Judgment is awaited in a case that will have significant ramifications for cartel damages claims and for insolvency practitioners.
A recent trial, in which Osborne Clarke acted for the claimants, raises important time bar issues arising out of a computer components cartel. The case considers the question of whether the limitation period started to run when admissions of guilt were made in a US DRAM cartel investigation, which preceded the European Commission’s investigation, or whether time runs from the date of the Commission’s decision.
What is the case about?
On 19 May 2010, the European Commission published a decision detailing the settlement (involving fines of over EURO 300 million) which it had reached in a cartel case involving 10 producers of DRAM memory chips used in PCs and servers. The Commission found that the producers had engaged in an unlawful cartel from 1998 to 2002 in the DRAMs market. The producers had co-ordinated the prices that they charged to major PC manufacturers (“major OEMs”).

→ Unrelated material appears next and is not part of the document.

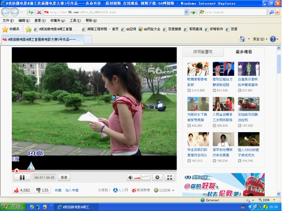 此次活动的评选采取了“网上投票”的方式。388vip太阳集团官网团学会相关部门于6月2日将各学院交上来的作品上传到56网上,充分发挥网络时代的优越性,公平、公正、公开的评选出“最佳人气奖”。经过3天的激烈角逐,388vip太阳集团官网作品——《青春有你》以4582的票数摘得“最佳人气奖”,超过第二名将近2000票。

Osborne Clarke is acting for the companies previously trading in the UK as “Time” and “Tiny” computers, which were not the specific target of the cartel but bought DRAM on the so-called “spot market” in the UK (the market for the sale of DRAM otherwise than under long-term contracts of supply). They seek damages from the cartelists in respect of the alleged price-increases resulting from the cartel.
Limitation Period Issue
The proceedings were commenced on 18 May 2016. Although this was more than six years from the date of the infringements by the defendants, the claimants seek to rely on section 32(1)(b) of the Limitation Act 1980. This delays the commencement of the limitation period until the date of discovery of the cause of action, where the right of action has been deliberately concealed by the defendant. For these purposes, the court is required to consider both the actual knowledge of the claimant and the knowledge that the claimant could have obtained applying “reasonable diligence”.
The claimants maintain that they could only have discovered the existence of the cartel and been able to plead their claim when the European Commission published its decision. The defendants argue that the claim could with “reasonable diligence” have been pleaded before the publication of the Commission’s decision, on the basis of internet publications relating to a US Department of Justice investigation into a price-fixing conspiracy between a small number of DRAM suppliers in the period from 1999 to 2002.
In essence, the defendants’ case is that the claimants could have inferred from the available information that the US cartel extended to the European market and hence there was no need to rely on the European Commission’s decision on the EEA cartel.
Interesting questions arise as to how to apply the “reasonable diligence” test in the unusual circumstances where the claimant could not be aware that it had suffered harm on the basis of its own internal information and could only infer such loss from awareness from public sources of the existence of a cartel.
A further noteworthy feature of the case is that the claimants ceased trading and went into liquidation (at different times between 2002 and 2005) and so the question of what information should have been discovered by the companies in liquidation arises.
Implications of decision
These points are likely to be of interest beyond just this case since it is common for cartel decisions of the European Commission to follow an investigation in the US, or elsewhere. Can claimants and practitioners assume that limitation runs from the date of the Commission decision or do they have to investigate in detail what may have happened previously in other investigations?
Judgment is currently awaited following the preliminary issue trial in the Commercial Court. The case is Granville (and others) v Infineon Technologies AG, Micron Europe Limited (and others). Slaughter and May and Allen & Overy act for the defendants.